Incumbent telecom operators, Vodafone Idea and Bharti Airtel have written to the TRAI with their comments on Interconnect Usage Charge (IUC). Sources who are directly involved with the operators indicate that the view of the telecom players is that they need the IUC charge for at least 12 months to 24 months.
"We are of the view that for certainty in regulatory policy, a time frame must be defined. We have seen IUC being increased by even up to 3 years. So 1-2 years' time frame is fair.”
The comments by telecom players came on Friday which was the last date for such submissions. In September 2017, TRAI after a comprehensive review of the IUC regime, post consultations with all telecom operators, issued the Telecommunication Interconnection Usage Charges Regulations, 2017.  At that point, TRAI wanted to implement a phased removal to not severely hit incumbent operators, Bharti Airtel, Vodafone and Idea (which were two separate companies at that time).
Based on the regulations, IUC was cut from 14 paise/min to 6 paise/minute from October 2017, with the aim of making this charge zero from January 01, 2020.  The incumbent players were not happy with the regulations and said that Jio’s free voice call creates an off-net outgoing imbalance. In September 2019, TRAI released a consultation paper to discuss the timeline for IUC charge removal.
The paper sought industry view on if there is a need to revise the application date for scrapping the IUC citing high continued inter-operator traffic asymmetry. The paper also asked what parameters should be looked at to decide on an alternate date, if any, for the IUC charge removal. The move was hailed as a positive for Bharti Airtel & Vodafone Idea.

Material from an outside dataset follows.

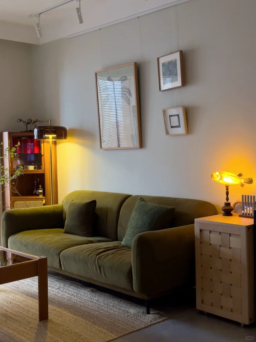 一个绿色的沙发,使得整体空间更加清新,带有一丝温度感。

As of the second quarter of this financial year, Vodafone Idea saw 30 percent of its EBITDA coming from IUC, whereas 7-8 percent of Bharti Airtel's EBITDA came from IUC.
A delay in IUC termination, while positive for Vodafone Idea & Bharti Airtel, is a setback got Reliance Jio that has paid about Rs 14,000 core as IUC dues to the incumbent players. Post the TRAI move, Jio had to announce charging of the 6p/min charge to customers to offset the hit.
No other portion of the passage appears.